WHAT THE EXERCISE ASKS - All lines from the one containing "Kokosnusscreme mit Beeren" through the last line of the listing should be given again exactly, with no pictures.
*** SUPPLIED MATERIAL Section Begins ***
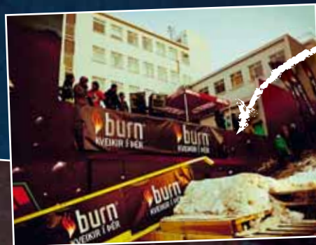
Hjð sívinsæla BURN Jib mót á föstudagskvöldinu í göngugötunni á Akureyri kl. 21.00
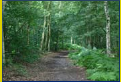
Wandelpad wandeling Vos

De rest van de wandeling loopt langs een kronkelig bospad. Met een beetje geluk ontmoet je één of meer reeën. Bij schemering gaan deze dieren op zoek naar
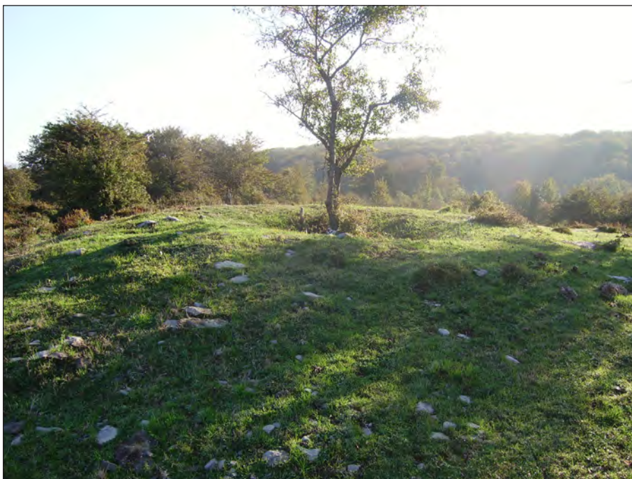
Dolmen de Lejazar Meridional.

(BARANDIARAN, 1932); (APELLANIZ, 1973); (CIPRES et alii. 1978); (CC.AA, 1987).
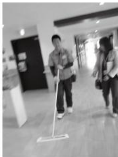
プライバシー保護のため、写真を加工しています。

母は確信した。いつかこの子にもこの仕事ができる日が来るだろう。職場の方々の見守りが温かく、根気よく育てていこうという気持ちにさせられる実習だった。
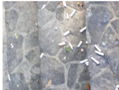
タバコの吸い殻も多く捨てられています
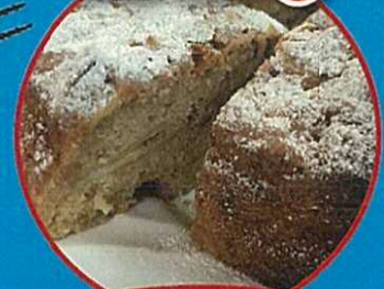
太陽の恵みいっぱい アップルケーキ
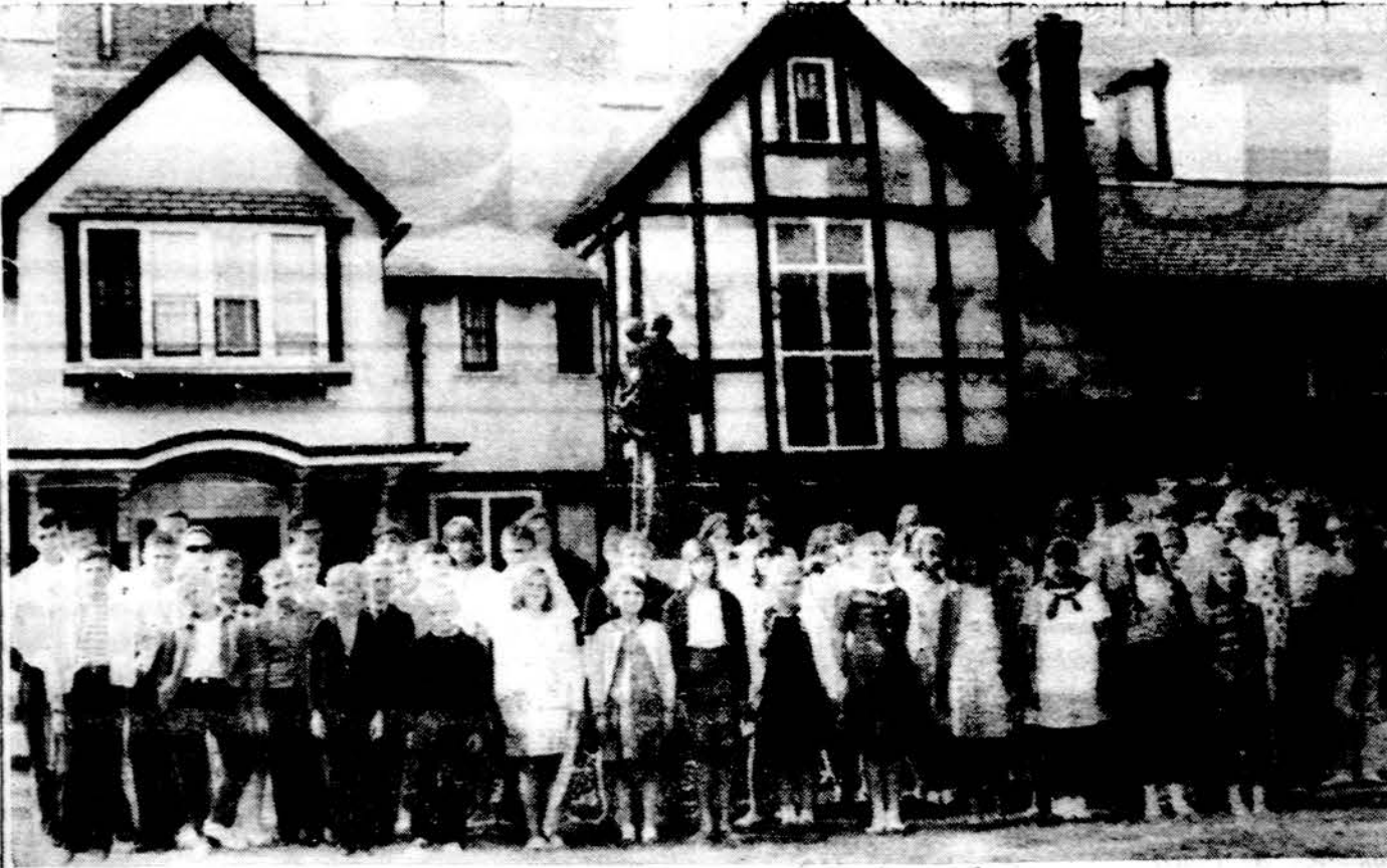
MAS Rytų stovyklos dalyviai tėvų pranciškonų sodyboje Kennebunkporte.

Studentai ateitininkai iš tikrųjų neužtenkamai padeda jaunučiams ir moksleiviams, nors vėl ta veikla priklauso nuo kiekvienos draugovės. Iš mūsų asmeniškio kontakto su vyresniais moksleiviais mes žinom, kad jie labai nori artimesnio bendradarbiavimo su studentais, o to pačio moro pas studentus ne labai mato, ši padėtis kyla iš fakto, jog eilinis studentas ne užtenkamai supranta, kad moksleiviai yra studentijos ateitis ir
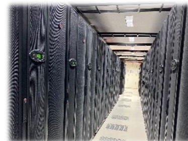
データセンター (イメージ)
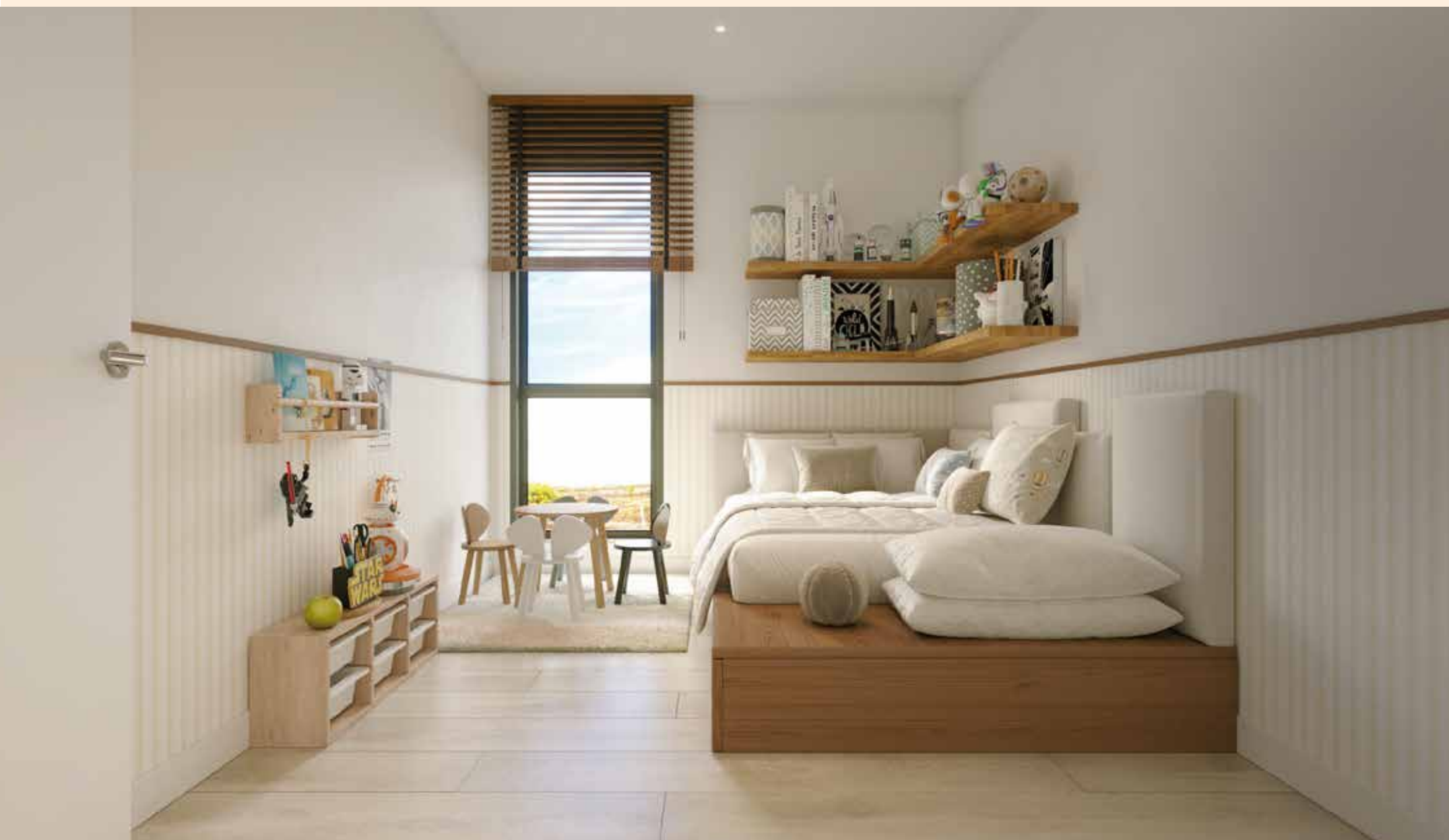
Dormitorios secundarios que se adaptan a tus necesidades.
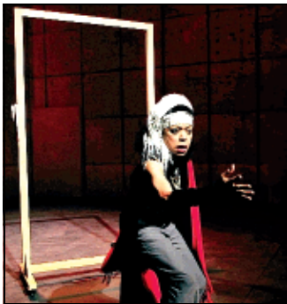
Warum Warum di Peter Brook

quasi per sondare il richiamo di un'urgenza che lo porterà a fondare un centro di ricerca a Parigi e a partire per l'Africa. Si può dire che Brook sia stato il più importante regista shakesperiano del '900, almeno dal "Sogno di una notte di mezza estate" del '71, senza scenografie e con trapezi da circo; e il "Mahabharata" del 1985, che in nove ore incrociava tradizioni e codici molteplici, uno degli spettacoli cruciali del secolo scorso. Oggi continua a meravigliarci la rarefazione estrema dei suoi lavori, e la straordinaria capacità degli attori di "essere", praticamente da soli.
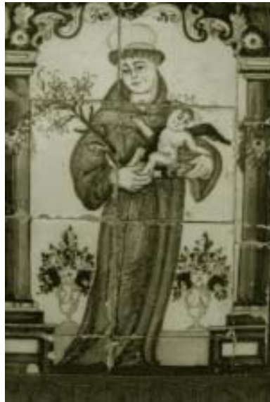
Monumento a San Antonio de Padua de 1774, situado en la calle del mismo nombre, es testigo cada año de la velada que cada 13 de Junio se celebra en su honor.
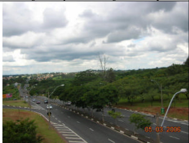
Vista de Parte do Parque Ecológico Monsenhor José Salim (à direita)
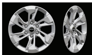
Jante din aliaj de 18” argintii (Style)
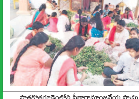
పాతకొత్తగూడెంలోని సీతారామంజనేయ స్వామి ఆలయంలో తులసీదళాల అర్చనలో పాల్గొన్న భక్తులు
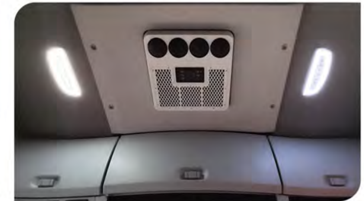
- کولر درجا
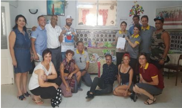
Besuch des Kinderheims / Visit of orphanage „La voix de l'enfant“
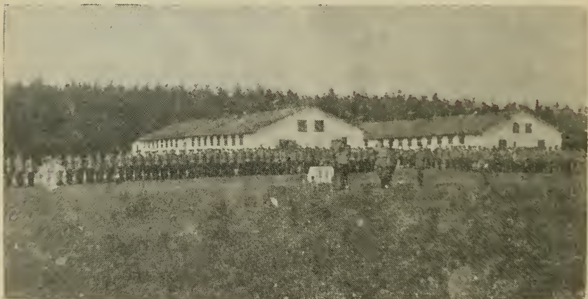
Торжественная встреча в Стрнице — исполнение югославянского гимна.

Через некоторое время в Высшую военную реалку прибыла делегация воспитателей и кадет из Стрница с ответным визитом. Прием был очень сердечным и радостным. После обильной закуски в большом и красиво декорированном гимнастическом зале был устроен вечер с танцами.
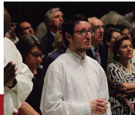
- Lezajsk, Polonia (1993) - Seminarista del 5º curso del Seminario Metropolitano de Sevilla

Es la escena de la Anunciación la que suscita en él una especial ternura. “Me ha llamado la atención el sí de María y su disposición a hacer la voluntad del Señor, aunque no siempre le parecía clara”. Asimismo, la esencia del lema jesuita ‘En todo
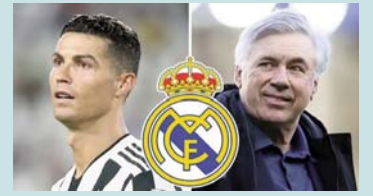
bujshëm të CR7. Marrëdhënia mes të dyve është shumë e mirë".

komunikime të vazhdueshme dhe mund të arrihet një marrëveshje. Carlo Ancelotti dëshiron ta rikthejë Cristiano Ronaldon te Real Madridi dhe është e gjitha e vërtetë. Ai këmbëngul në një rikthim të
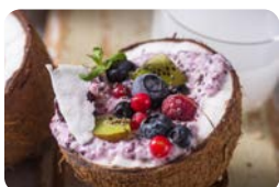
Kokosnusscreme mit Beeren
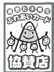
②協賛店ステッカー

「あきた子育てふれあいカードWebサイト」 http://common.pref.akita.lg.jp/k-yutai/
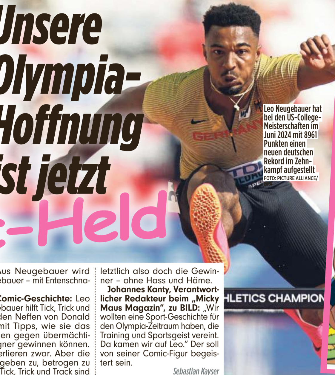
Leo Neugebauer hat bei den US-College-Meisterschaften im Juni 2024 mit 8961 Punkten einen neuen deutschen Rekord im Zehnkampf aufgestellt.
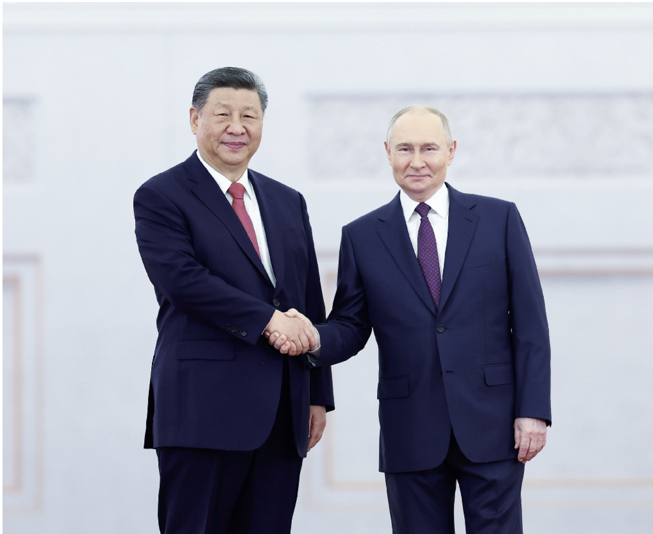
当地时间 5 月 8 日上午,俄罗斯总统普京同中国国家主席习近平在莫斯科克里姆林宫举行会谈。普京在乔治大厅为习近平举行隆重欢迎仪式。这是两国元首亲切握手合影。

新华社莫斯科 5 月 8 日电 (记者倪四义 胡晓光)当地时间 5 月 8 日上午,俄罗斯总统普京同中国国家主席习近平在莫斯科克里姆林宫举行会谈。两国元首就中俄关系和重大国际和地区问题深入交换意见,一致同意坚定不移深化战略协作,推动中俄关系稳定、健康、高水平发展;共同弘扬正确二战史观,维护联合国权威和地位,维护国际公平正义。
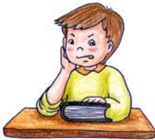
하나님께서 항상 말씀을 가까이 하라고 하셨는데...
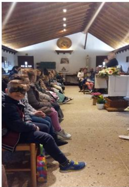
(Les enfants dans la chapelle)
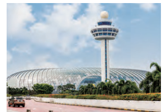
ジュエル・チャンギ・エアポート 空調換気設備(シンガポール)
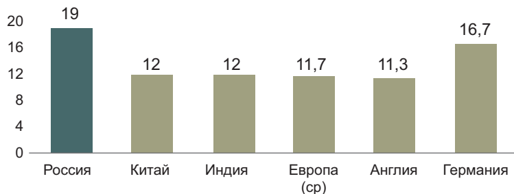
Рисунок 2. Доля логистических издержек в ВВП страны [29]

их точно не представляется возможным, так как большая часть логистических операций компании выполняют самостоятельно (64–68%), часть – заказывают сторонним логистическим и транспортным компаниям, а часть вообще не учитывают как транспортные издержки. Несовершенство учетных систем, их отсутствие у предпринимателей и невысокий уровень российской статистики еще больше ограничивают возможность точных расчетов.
*** SUPPLIED MATERIAL Section Ends ***
EXERCISE ANSWER -
Kokosnusscreme mit Beeren
②協賛店ステッカー

「あきた子育てふれあいカードWebサイト」 http://common.pref.akita.lg.jp/k-yutai/
Leo Neugebauer hat bei den US-College-Meisterschaften im Juni 2024 mit 8961 Punkten einen neuen deutschen Rekord im Zehnkampf aufgestellt.
当地时间 5 月 8 日上午,俄罗斯总统普京同中国国家主席习近平在莫斯科克里姆林宫举行会谈。普京在乔治大厅为习近平举行隆重欢迎仪式。这是两国元首亲切握手合影。

新华社莫斯科 5 月 8 日电 (记者倪四义 胡晓光)当地时间 5 月 8 日上午,俄罗斯总统普京同中国国家主席习近平在莫斯科克里姆林宫举行会谈。两国元首就中俄关系和重大国际和地区问题深入交换意见,一致同意坚定不移深化战略协作,推动中俄关系稳定、健康、高水平发展;共同弘扬正确二战史观,维护联合国权威和地位,维护国际公平正义。
하나님께서 항상 말씀을 가까이 하라고 하셨는데...
(Les enfants dans la chapelle)
ジュエル・チャンギ・エアポート 空調換気設備(シンガポール)
Рисунок 2. Доля логистических издержек в ВВП страны [29]

их точно не представляется возможным, так как большая часть логистических операций компании выполняют самостоятельно (64–68%), часть – заказывают сторонним логистическим и транспортным компаниям, а часть вообще не учитывают как транспортные издержки. Несовершенство учетных систем, их отсутствие у предпринимателей и невысокий уровень российской статистики еще больше ограничивают возможность точных расчетов.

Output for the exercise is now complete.